Every column is read from a separate file. For fixed width data such as numbers, the data is simply the concatenation of the binary representation of each value. Both Big Endian and Little Endian byte orders are supported, see below.
Text is represented as NUL terminated UTF-8 encoded strings.
Temporal types are represented as structured values containing a small integer for each field.
For each data type there is a special binary pattern to represent NULL values.
When the optional endianess is not specified, NATIVE ENDIAN is used.
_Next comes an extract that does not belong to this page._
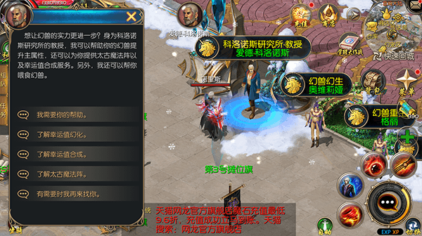 在游戏中,共有3种幻化仪式:主属性幻化、幸运值合成以及太古魔法阵,每一种仪式都可成为一只终极幻兽诞生的助力!

When the optional ON CLIENT or ON SERVER is not specified, ON SERVER is used.
Assume we have the following table definition:
CREATE TABLE foo(i INT, t TEXT);
We will use Python's struct
module
to generate some binary data to fill it. Note that for large amounts of data
this might not be very efficient as it first materializes the data as a large
in-memory Python array.
#!/usr/bin/env python3
import struct
open('col_i.bin', 'wb').write(struct.pack('<4i', 42, 43, 44, 45))
open('col_t.bin', 'wb').write(b'foo\x00bar\x00baz\x00quux\x00')
This program creates two files: col_i.bin is a 16-byte file containing four 4-byte/32-bits integers:
┌─────────────────────────┬─────────────────────────┐
│ 2a 00 00 00 2b 00 00 00 ┊ 2c 00 00 00 2d 00 00 00 │
└─────────────────────────┴─────────────────────────┘
The other file is a 17-byte file containing the four strings, each terminated with a NUL byte:
┌─────────────────────────┬─────────────────────────┬────┐
│ 66 6f 6f 00 62 61 72 00 ┊ 62 61 7a 00 71 75 75 78 ┊ 00 │
│ f o o \0 b a r \0 ┊ b a z \0 q u u x ┊ \0 │
└─────────────────────────┴─────────────────────────┴────┘
To copy this data into MonetDB, issue the command
COPY LITTLE ENDIAN BINARY
INTO foo
FROM 'col_i.bin', 'col_t.bin' ON CLIENT;
First a word about byte order. On modern systems, bytes are 8 bits wide. That means that to store a 16-bit number we need 2 bytes. Take for example the number 2021 = 7 x 256 + 229. It is stored as a combination as a high byte 7 and a low byte 229. There are two obvious ways to store the number 2021 in a byte file:
on Little Endian systems, the low byte comes first: [ 229 | 7 ]
.
Intel/AMD-based computers systems and most ARM-based computer systems use
a little endian byte order.
on Big Endian systems, the high byte comes first: [ 7 | 229 ]
.
Many older computer systems such as IBM mainframes and SPARC/MIPS systems
use a big endian byte order. The Java virtual machine also prefers big endian
numbers, see for example Java's DataOutputStream.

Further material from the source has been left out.